How to Deploy Telecom Applications into OpenShift

The first step in deploying a telecom application into OpenShift is to containerize the application. This involves creating a Docker container image for the telecom application. The container image should include all the necessary dependencies, libraries, and configurations required to run the application smoothly. You can use Dockerfiles, or Red Hat’s Source-to-Image (S2I) feature to build container images directly from source code.

Once you have the telecom application container image ready, the next step is to define Kubernetes manifests. These manifests are YAML files that describe the desired state of the application deployment.

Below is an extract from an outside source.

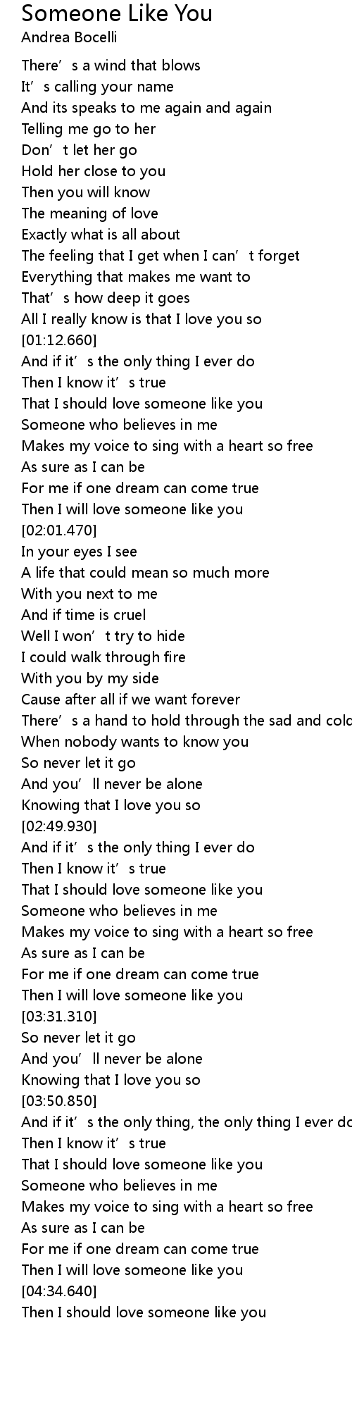 | [04:42.680] | Then I should love someone like you |

Key components of the manifests include:

  • Deployment: The Deployment object defines the desired number of replicas of the application pods and the container image to use.
  • Service: The Service object exposes the application to other services within the Open Shift cluster and allows external access if required.
  • ConfigMap/Secret: You can use ConfigMaps or Secrets to store configuration data or sensitive information like API keys, passwords, etc., separately from the application code.

With the Kubernetes manifests in place, you are ready to deploy the telecom application into the Open-Shift cluster. Using the oc command-line tool or the OpenShift web console, you can create the application deployment by applying the YAML files.


Red Hat OpenShift has established itself as a powerful and flexible platform for containerized application development and deployment. By building upon Kubernetes and adding its own unique features, Open Shift addresses the complexities and challenges of container orchestration, making it an attractive solution for enterprises of all sizes. Its multi-platform support, developer-friendly interface, robust security measures, and seamless scalability make it a compelling choice for organizations seeking a future-proof solution for their containerized applications. As the industry continues to evolve, Red Hat Open Shift is expected to remain at the forefront, helping businesses stay agile, innovative, and ahead of the curve.